2015, Faez, Sanli, Lahini, Yoav, Weidlich, Stefan, Garmann, Rees F., Wondraczek, Katrin, Zeisberger, Matthias, Schmidt, Markus A., Orrit, Michel, Manoharan, Vinothan N.

High-speed tracking of single particles is a gateway to understanding physical, chemical, and biological processes at the nanoscale. It is also a major experimental challenge, particularly for small, nanometer-scale particles.

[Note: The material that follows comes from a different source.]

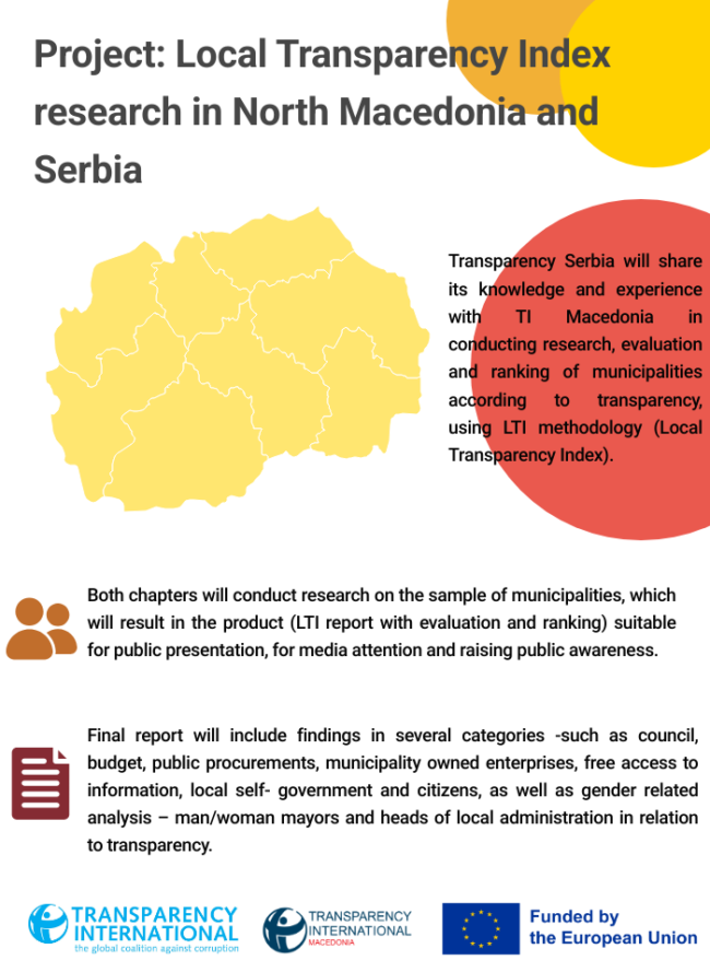 Project: Local Transparency Index research in North Macedonia and Serbia Period of implementation : june 2025 – january 2026 Donator: European Union Transparency Serbia will share its knowledge and experience with TI Macedonia in conducting research, evaluation and ranking of municipalities according to transparency, using LTI methodology (Local Transparency Index). Both chapters will conduct…

Although methods such as confocal or fluorescence microscopy offer both high spatial resolution and high signal-to-background ratios, the fluorescence emission lifetime limits the measurement speed, while photobleaching and thermal diffusion limit the duration of measurements. Here we present a tracking method based on elastic light scattering that enables long-duration measurements of nanoparticle dynamics at rates of thousands of frames per second. We contain the particles within a single-mode silica fiber having a subwavelength, nanofluidic channel and illuminate them using the fiber's strongly confined optical mode. The diffusing particles in this cylindrical geometry are continuously illuminated inside the collection focal plane. We show that the method can track unlabeled dielectric particles as small as 20 nm as well as individual cowpea chlorotic mottle virus (CCMV) virions-26 nm in size and 4.6 megadaltons in mass-at rates of over 3 kHz for durations of tens of seconds. Our setup is easily incorporated into common optical microscopes and extends their detection range to nanometer-scale particles and macromolecules. The ease-of-use and performance of this technique support its potential for widespread applications in medical diagnostics and micro total analysis systems.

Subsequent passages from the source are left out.